Projekt

Daten zum Projekt

Moral Quandaries: Religion and Modern Law in Egypt (Fellowship von Dr. Jeffrey Culang am ZMO Berlin)

Initiative: Postdoctoral Fellowships in den Geisteswissenschaften an Universitäten und Forschungsinstituten in Deutschland und den USA
Ausschreibung: Postdoctoral Fellowships in den Geisteswissenschaften an Universitäten und Forschungsinstituten in Deutschland
Bewilligung: 27.03.2019
Laufzeit: 1 Jahr

Projektinformationen

"Moral Quandaries: Religion and Modern Law in Egypt" explores the entanglement between modern legal reform and morality. Between the 1880s and the 1930s, a new conception of law took root in Egypt. As part of the apparatus of the centralizing state, positivist law contrasted with established moral legal frameworks. Whereas these frameworks had focused on cultivating moral subjects bottom-up through communal structures, positivist law sought to discipline the individual top-down, often through threat of punishment, purposefully eschewing questions of morality. This project traces the making of modern law through genealogies of five concepts essential to the nation-state system: religious freedom, freedom of expression, public interest, nationality, and the minority.
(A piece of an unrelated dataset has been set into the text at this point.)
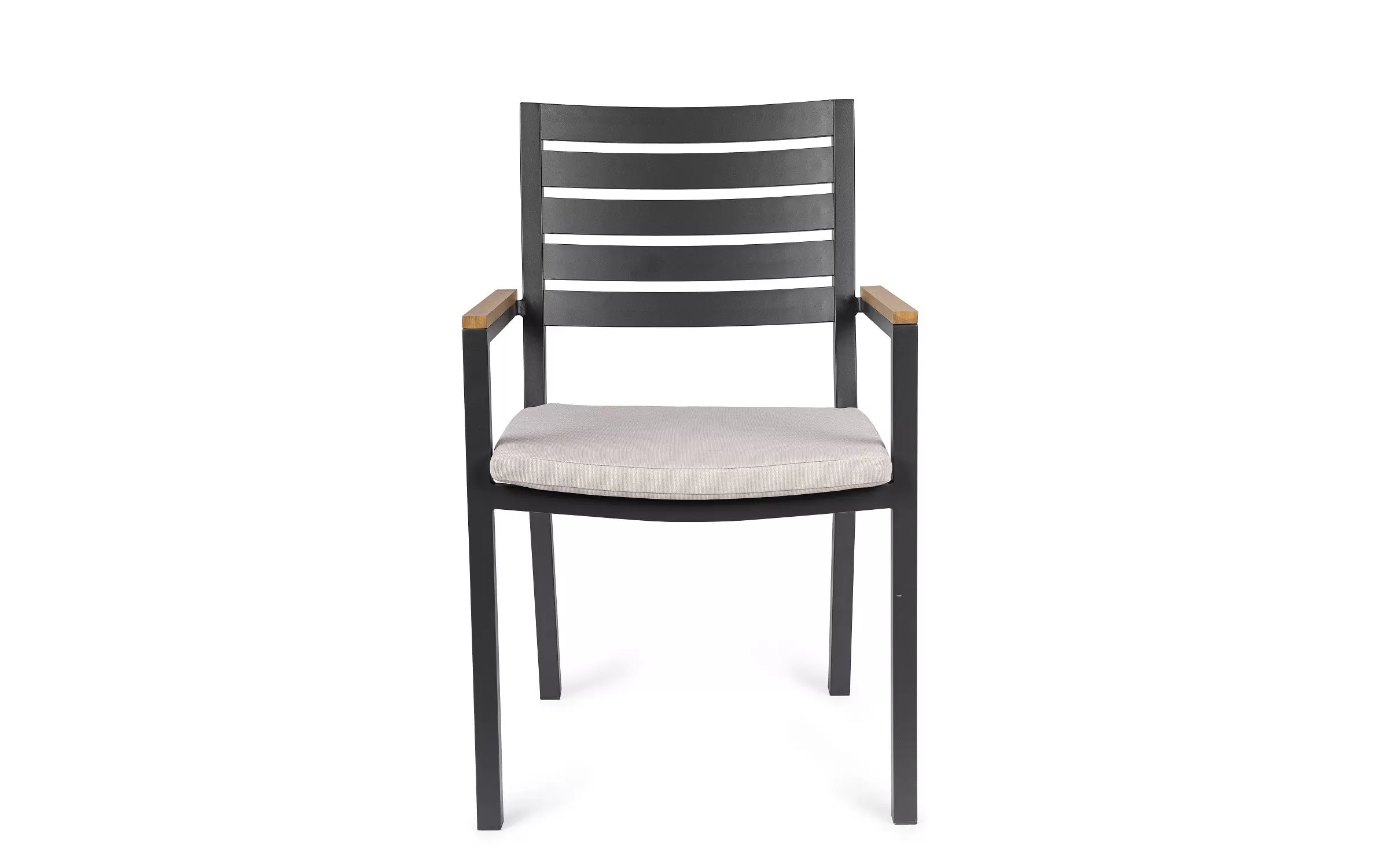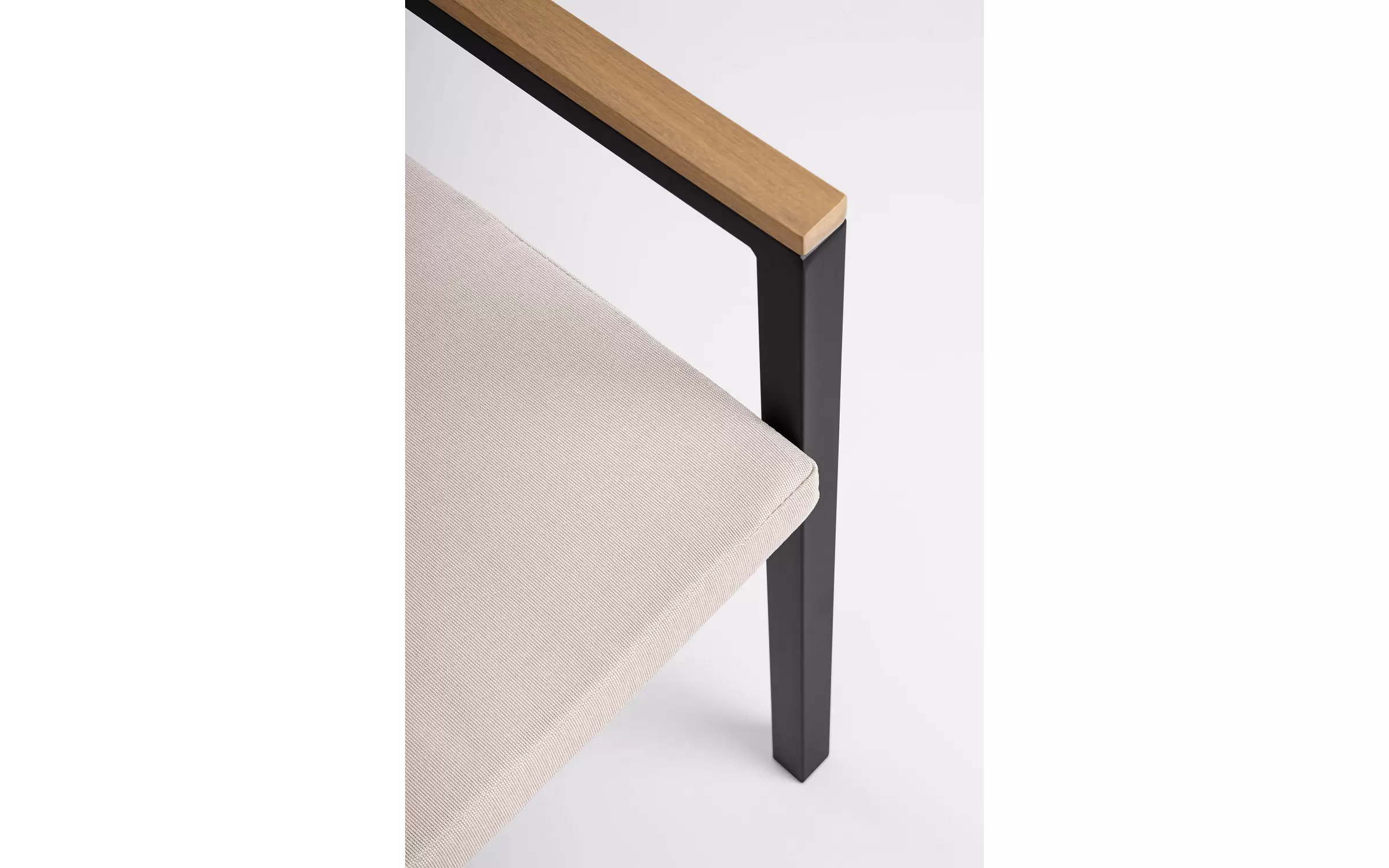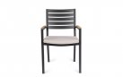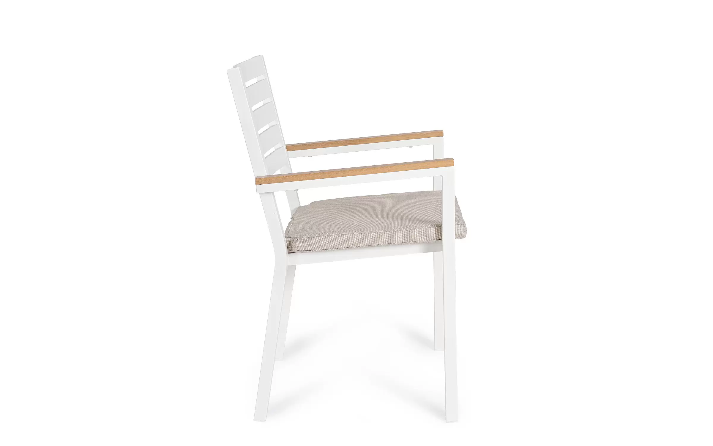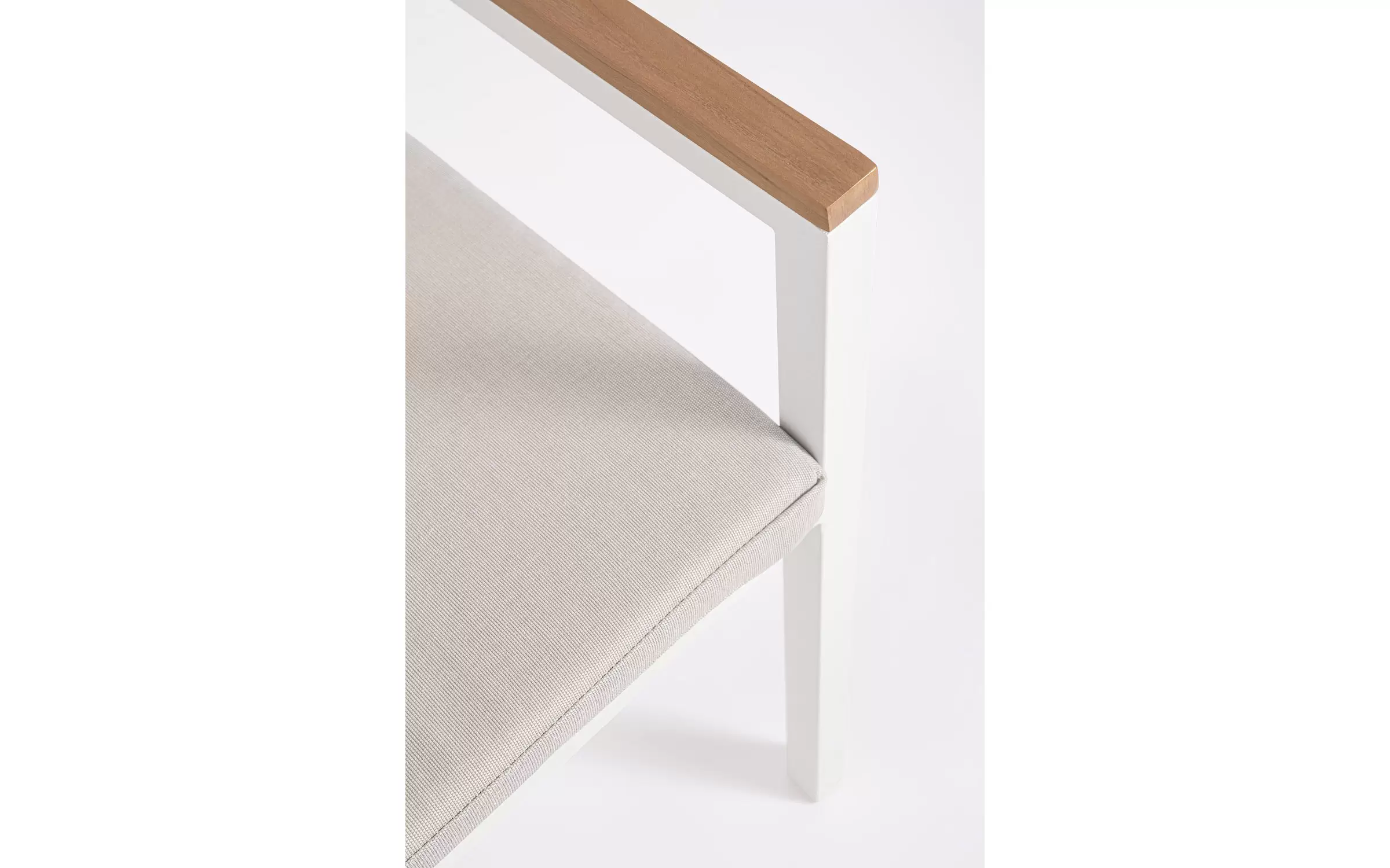 Aluminiowe niskie krzesło ogrodowe z poduszką z podłokietnikami pokrytymi powłoką imitującą drewno. Można układać w stos w celu łatwiejszego przechowywania.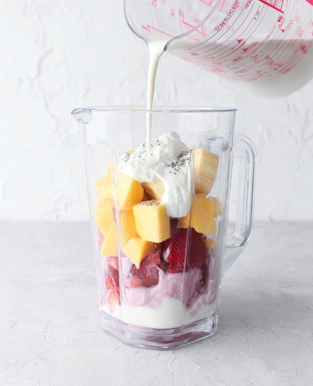- Combine Ingredients: Place the frozen mango, frozen strawberries, banana chunks, plain non-fat Greek yogurt, low-fat milk, chia seeds, and fresh lemon juice into the pitcher of your blender.

Each case shows how translations and codification - by British and Egyptian officials and legislators as well as foreign missionaries amid the ascendance of international law - rearranged or confined moral lexicons and practices toward state-defined public order. This research sheds new light on the place of religion in public life both in Egypt and globally. "Moral Quandaries" also explores a parallel aspect of the rise of modern political ethics in Egypt. In the early twentieth century, religious reformers began to engage with a new legal-political linguistic register that included the five concepts mentioned above. From within their own moral frameworks, they used this new vernacular to articulate and enact intersecting visions of a moral society compatible with modern structures of power and governance yet free from British colonialism. This project argues that these visions, though ephemeral, belie a central premise of secularism that only the division of morality from law and politics - which many see as existing in the "West" and lacking in the "Muslim world" - can sustain open and tolerant societies.